++++ RECORDS PROVIDED
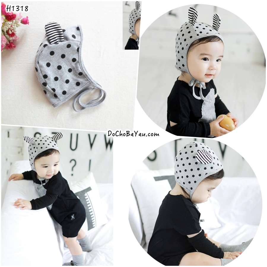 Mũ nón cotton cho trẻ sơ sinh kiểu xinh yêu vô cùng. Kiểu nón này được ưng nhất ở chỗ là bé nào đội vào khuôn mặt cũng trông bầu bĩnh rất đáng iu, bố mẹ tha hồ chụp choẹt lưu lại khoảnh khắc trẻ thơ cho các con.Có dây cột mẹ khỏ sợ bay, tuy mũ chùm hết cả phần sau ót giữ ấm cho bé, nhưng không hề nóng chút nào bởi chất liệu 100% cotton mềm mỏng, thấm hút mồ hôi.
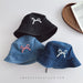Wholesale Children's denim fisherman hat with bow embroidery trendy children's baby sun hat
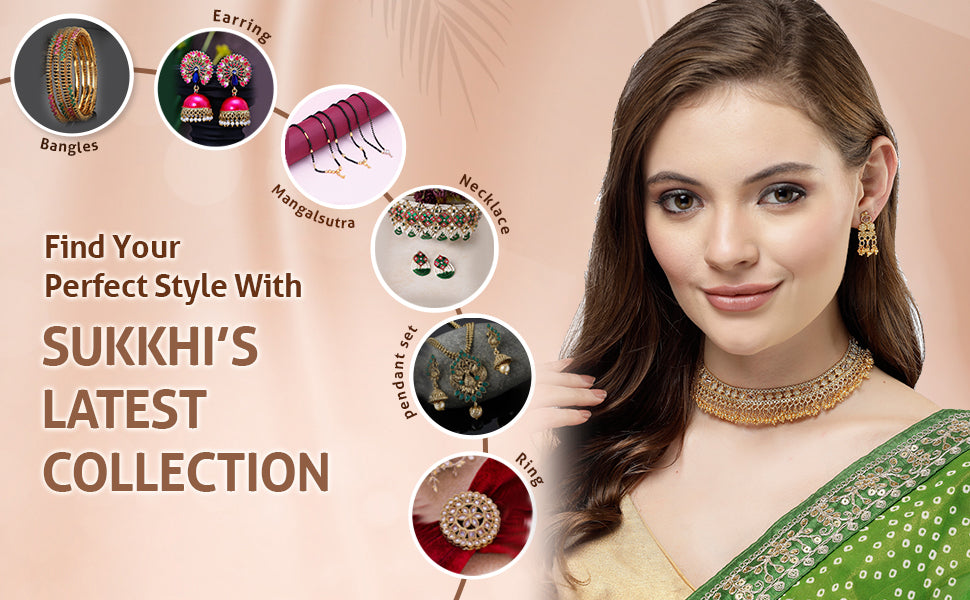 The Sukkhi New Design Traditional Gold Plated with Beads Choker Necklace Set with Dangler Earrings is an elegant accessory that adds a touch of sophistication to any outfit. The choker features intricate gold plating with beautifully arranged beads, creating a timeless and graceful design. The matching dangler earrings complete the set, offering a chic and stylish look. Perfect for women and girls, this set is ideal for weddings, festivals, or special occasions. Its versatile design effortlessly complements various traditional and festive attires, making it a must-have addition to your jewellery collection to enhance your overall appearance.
++++++++
++++ RECORDS PROVIDED
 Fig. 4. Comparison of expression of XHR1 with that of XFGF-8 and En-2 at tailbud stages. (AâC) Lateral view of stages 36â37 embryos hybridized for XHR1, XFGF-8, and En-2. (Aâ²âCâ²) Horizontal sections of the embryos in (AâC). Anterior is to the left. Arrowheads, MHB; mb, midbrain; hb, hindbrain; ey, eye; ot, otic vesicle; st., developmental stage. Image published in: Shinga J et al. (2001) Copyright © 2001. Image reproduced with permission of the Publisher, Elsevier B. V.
++++++++
• [WHAT YOU NEED TO DO] Only the lines of the listing above from the one with "Mũ nón cotton" through the one with "Wholesale Children's denim" should be output, exactly, with both ends kept and pictures left out.

• [RESULT FOR THIS EXERCISE]
 Mũ nón cotton cho trẻ sơ sinh kiểu xinh yêu vô cùng. Kiểu nón này được ưng nhất ở chỗ là bé nào đội vào khuôn mặt cũng trông bầu bĩnh rất đáng iu, bố mẹ tha hồ chụp choẹt lưu lại khoảnh khắc trẻ thơ cho các con.Có dây cột mẹ khỏ sợ bay, tuy mũ chùm hết cả phần sau ót giữ ấm cho bé, nhưng không hề nóng chút nào bởi chất liệu 100% cotton mềm mỏng, thấm hút mồ hôi.
Wholesale Children's denim fisherman hat with bow embroidery trendy children's baby sun hat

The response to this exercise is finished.